In the following chapters an attempt is made to set forth, as readably as may be, an account of the various devices in which the labyrinth-idea has been embodied, to indicate where examples may be found, to give some notion of the speculations which have been made regarding their origins, and to consider the possibilities of the idea from the point of view of amusement and recreation.

The earliest labyrinths of which mention is made by the classic writers are those of Egypt and Crete, and we shall find it convenient to consider these first of all. We will then notice the other labyrinths alluded to by the writers of antiquity, and pass on to a consideration of labyrinthine designs introduced by way of ornament or symbolism in various objects of later classic art. We shall see that the labyrinth-idea was adopted and developed by the Christian Church in the Middle Ages, and will note its progress as a medium of horticultural embellishment.
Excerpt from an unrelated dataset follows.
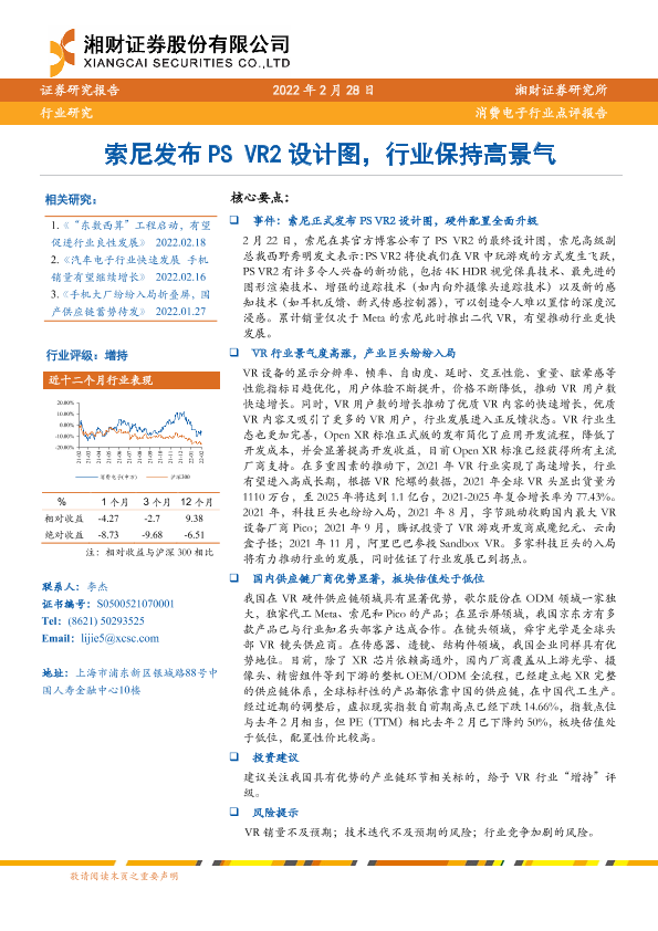 【湘财证券】【20220228】消费电子行业点评报告:索尼发布PSVR2设计图,行业保持高景气-4页

It will be interesting to examine the mathematical principles,

p. 5

such as they are, which underlie the construction or solution of mazes, also to see in what a number of ways these principles may be applied.

We shall find that our inquiry will bring us into contact with a greater variety of subjects than one would at first be inclined to imagine, and that labyrinths and mazes need not by any means be considered as exclusively a concern of archaeologists and children.

Incidentally we may help to rescue from threatened oblivion a certain class of native antiquities, small and diminishing in number, but surely worth sufficient attention to ensure their preservation, namely, the turf-labyrinths.

As to the actual origin and primary purpose of these devices we cannot be dogmatic on the evidence before us, and herein, perhaps, lies a good deal of their charm. When we can classify and date with precision any object which is not of a utilitarian nature we relegate it at once to our mental museum, and a museum is only too apt to become an oubliette. But when there is a considerable margin for speculation, or, as we usually say, a certain amount of "mystery" in the case, we are more likely to find pleasure in rehandling it, looking at it from different points of view and wondering about it. Let us grant, by all means, that there are quite sufficient unsolved riddles in nature and life without raising up artificial mysteries. Let us even admit that when evidence is available (which, by the way, is not the same thing as existent) it is better to settle a question straight away than to leave it open to further argument. At the same time, let us not be too hasty in accepting speculations, however shrewd, as proved facts. Antiquarian books should naturally be as free as possible from actual misstatements, but they have lost all their charm when they become collections of bald dogmatic statements or mere descriptive catalogues.